Updated: Apr 16
Black-led environmental and agricultural organizations from across the country have teamed up to produce two panel presentations on Earth Day 2020 - which is Wednesday, April 22nd. Take a look at the descriptions of the day's events below. The events are free, but registration is required. We invite you to register for one or both of the webinars. Registration links are beneath each description.

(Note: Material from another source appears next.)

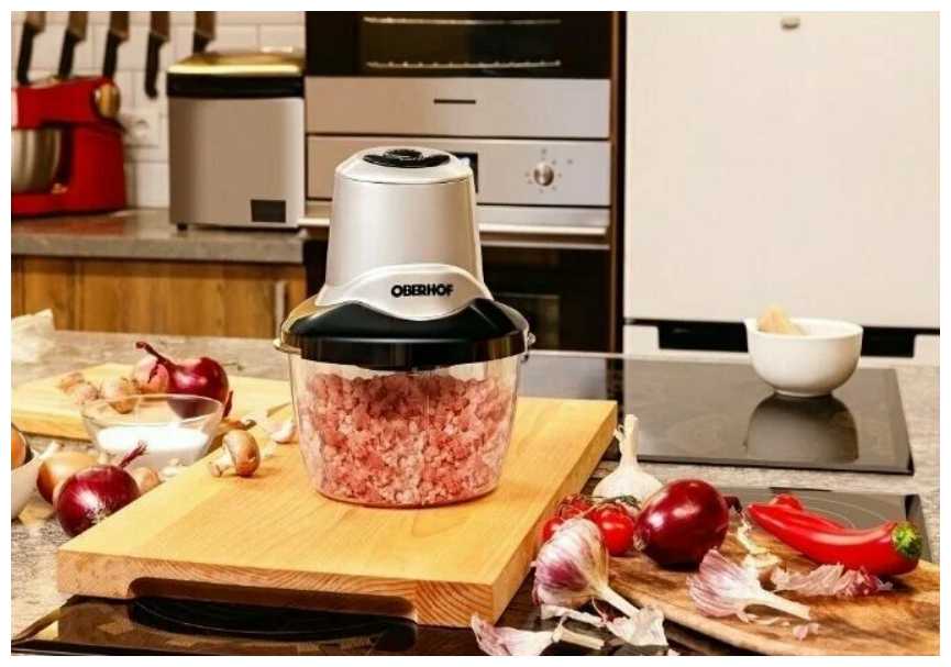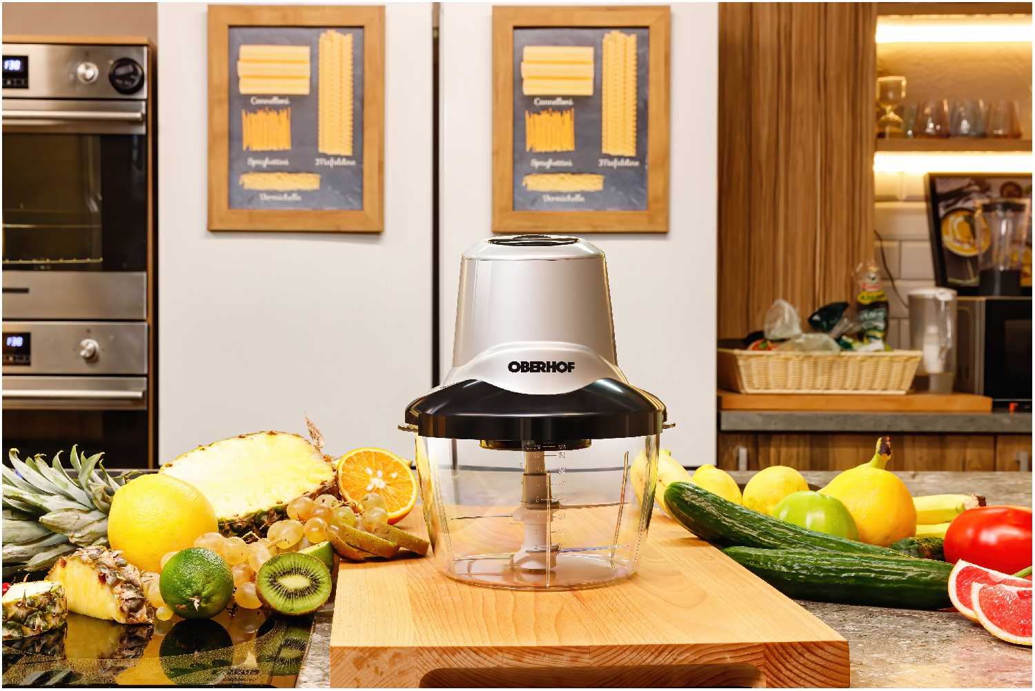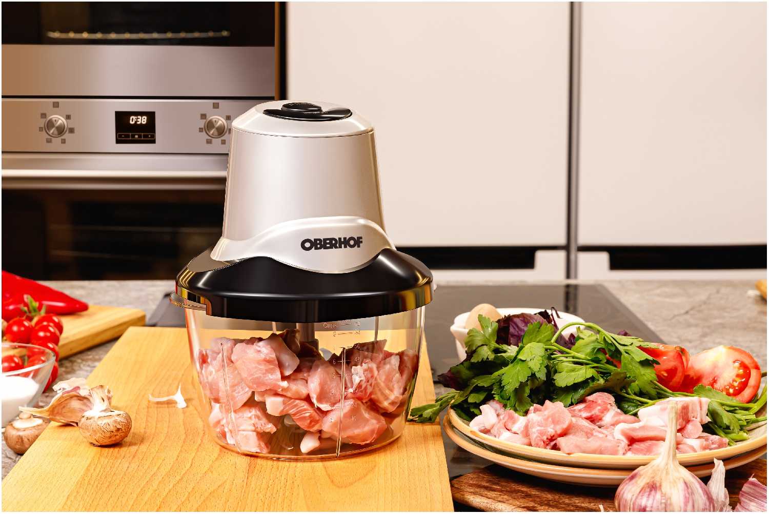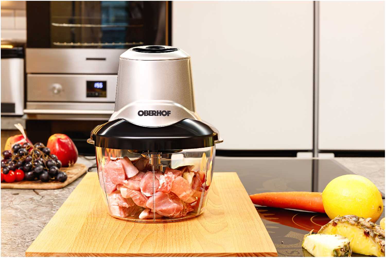 Очень советую, та как измельчитель Oberhof: не перегревается во время работы (и не загорается!); стальные ножи работают исправно; частички пищи не прилипают к деталям; рабочая чаша основательно прочная; справляется с крупными кусочками; вмещает несколько кухонных приборов – миксер, блендер, мясорубка; быстро измельчает для нужной консистенции; инструкция проста и понятна.

When White Folks Catch A Cold: A Black Church Huddle on Health & Environmental Justice
3PM EST (12PM PDT)
COVID-19 has pulled back the covers on the layers of environmental injustice that confront the African American community. In many cities across the country, Black people have the highest rates of coronavirus infection, are being forced into health hazards on the job, and are experiencing price gouging at the market and long lines for free groceries. These scenarios are not new, but how they relate to environmental justice is not always clear. Join members of the Black Church community on Wednesday, April 22, 2020 - Earth Day - for a conversation designed to inform and ignite action to address the current and coming challenges facing the African American community.
Black Green & Traumatized
6PM EST (3PM PDT)
Environmental trauma has lasting and catastrophic impacts on our community. To address this reality, the Center for Food Faith and Justice has joined forces with Green The Church, Seeds for Peace and the Black Church Food Security Network on Earth Day April 22nd @3pm PT/6pm ET, to host a "Black, Green & Traumatized" webinar. All are impacted by COVID-19, but not equally. The facts are that African Americans are dying at higher rates from this deadly virus than other races. Largely because Black communities face a disproportionate burden of environmental toxins because of where they live, work and worship. African Americans often appear marginalized in a system that values the natural world while devaluing Black and Brown bodies as part of the created order. This discussion will address the intersection of environmental justice and mental health in the African American community and solutions toward avenues of equity in this era of COVID-19 and climate justice.